Изображение военных действий 1812 года
Шрифт:
Бывши в такой нерешимости, вдруг въехал к нам французский офицер, и один, без обнаженной сабли, но, увидавши нас в довольном числе и всех вооруженных, у кого ружье, у другого сабля, а у иного пистолеты, и сам обнажил саблю и закричал: але! т. е. чтоб мы бросили оружие и выходили на большую улицу; мы с товарищем, видя, что дело худое, завернулись в маленькой проход из этого ряда на улицу; я подбежал к уголку и, выглядывая из-за оного, вижу, что одна колонна, проходя по Тверской, оканчивалась; кликнув товарища, решились перебежать чрез дорогу; но только что вышли на половину дороги, видим другую колонну, вступающую в Воскресенские ворота, а перед нею везут две пушки.

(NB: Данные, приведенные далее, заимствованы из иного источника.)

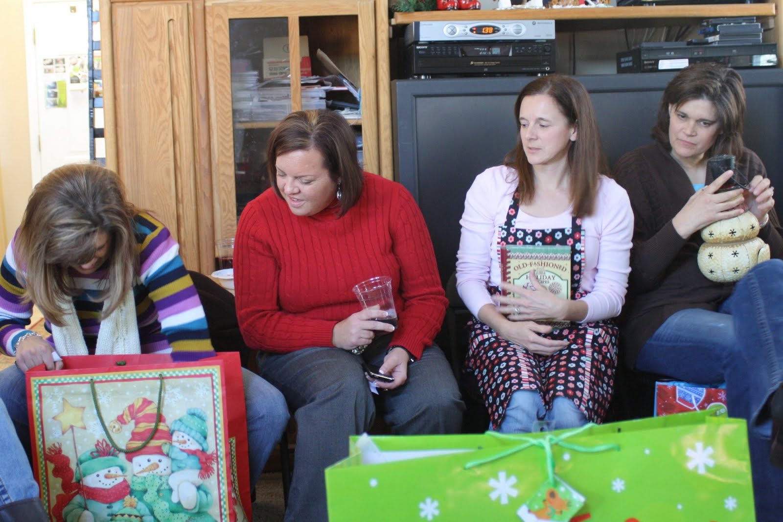 In the afternoon was the "Bowling & Crafting Friends Party". Annette and I have taken turns hosting this fun little party. We had a nice potluck luncheon of soup, salads, rolls and yummy desserts. I have to say the ladies that come to this party are great cooks. We spent an hour eating the yummy food, visiting and laughing and then the "Yankee Swap" portion of the party began. There were some fun gifts that became pretty popular: a wooden handmade standing snowman, sherpa blanket, a cute metal snowman, an apron and cookbook set...But the big fun came with the swapping. So glad we all have a great sense of humor and don't take anything too seriously.
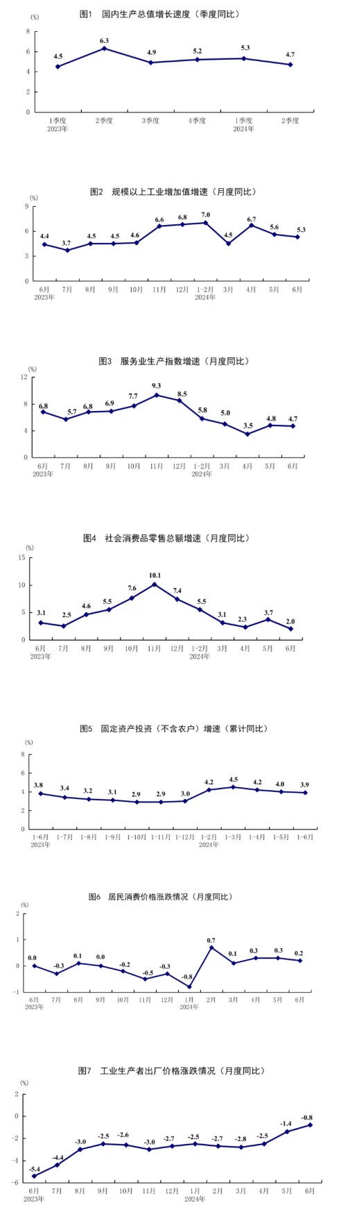 2023年各季度及2024年一季度、二季度GDP環(huán)比增速分別為1.8%、0.8%、1.5%、1.2%、1.5%和0.7%。

Что делать? Воротиться уже было поздно, итак пустились на власть Божию потихоньку, чтоб не подать подозрения и перешли
Тут опросил меня мой товарищ: куда вам надобно пробраться? я говорю, что на Ильинку в Ипатьевской переулок; а мне, сказал он, надобно на Солянку в дом Коммерческой академии (ибо он накануне только переехал в оной с семейством и имением для безопасности). Я этому был очень рад, что нам обоим была дорога одна и Академия была недалеко от моей квартиры и разделяли только Варварские ворота; итак, выбравшись из виду у французов, несмотря, что ноги насилу несли, пустились уже бегом, пробежали Никольские и Ильинские ворота, стали подходить к Академии, где нам должно было расстаться, и, лишь только дошли до угла, французская конница вступает в Варварские ворота нам навстречу; какой страх! и как пройти мне до квартиры! товарищ мой сказал: «Вам теперь никоим образом туда идти нельзя, не подвергши жизнь свою опасности,» и предложил мне с собою идти в Академию; я был очень доволен его приглашением и рад, что нашел такое прибежище в таких критических обстоятельствах.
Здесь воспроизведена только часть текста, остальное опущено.